Buy a good book on Marine Electrical Systems. Purchase a copy of ABYC's electrical codes.

The battery(s) POS will lead to the No.1 and 2 terminals on the battery Selector Switch or the DC isolation breaker, if you have only one battery. From there it should go directly to the POS bus bar on the distribution panel. Each circuit (system) should have it's own breaker and/or fuse to protect the POS supply to the "Load", i.e., what is being powered. The first thing you need to do is hand-over-hand each wire to: 1. know it's condition and 2. know what load it is supplying. The battery NED (-) cable goes to a NEG (-) bus bar or terminal block(s), where all load NEG leads terminate (or should). Terminal blocks may be "ganged" together, i.e., there is a "jumper" wire from one to another or even from one or several, terminals to another on the same block. Terminals that are jumpered together are the same polarity - look closely.

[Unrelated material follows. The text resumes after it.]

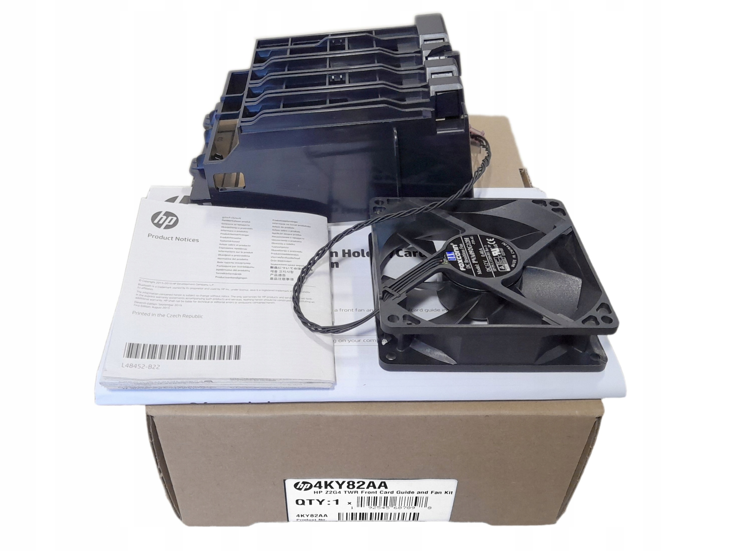 Produkt je nový, továrně zabalený (krabička), originální (vyrobený pro HP), plně funkční a má záruku. Kompletní sada je vidět na fotografiích (ventilátor L13269-001, držák L23931-001, návod). K dispozici ihned.

Start by drawing an elevation (looking down at the deck) diagram of your boat. Show the location of the panel and all electric loads. draw a diagram of the back of the DC panel, indicate every fuse and identify the load side of the fuse with the label on the front of the panel. Pick a circuit to start with, label the load side wire at the panel with a number tape (do not use "dime tags"; the round tags with a string, they have a metal band around the cardboard tag and conduct electricity), indicate which number you used on your panel diagram. Hand-over-hand that wire all the way to the load. If there are terminal boards in the circuit tape the lead on both sides of the terminal. Identify the terminal board as a POS terminal with a POS or + wire tape. Everywhere there is a wire division, tape the wire with the number and the polarity (+). When you finally get to where the load is, label the wire at the load. At the load, there will be another wire that will be the NEG or (-) lead. Label it with the same number as the POS lead but add a (-) or NEG tape. Hand over hand this wire the same way as the POS wire. There may be terminal blocks in the run also. It should terminate a NEG bus bar that the battery NEG lead should be attached to. Here is where it can get dicey as there are several ways to ground the battery and the NEG bus, some go to an engine, some to a ground plate, some have an isolated ground. On your elevation drawing of the boat, indicate the location of all the terminal blocks you encounter and the "run" of the wire. Do this with all your circuits using a different number schema for each circuit. Laminate and store/post the elevation and panel drawing as near the panel if possible.
Some problems you may encounter: More than one wire connected to a terminal block. Pick one and follow it to where it goes number it with original number and if you have them a letter tape, e.g., "1A" and indicate the new number on both the panel drawing and the elevation drawing. Dead ended or clipped wires. Disconnect these and remove the wire, be careful, some of these that appear to be clipped may be just broken from the terminal lug.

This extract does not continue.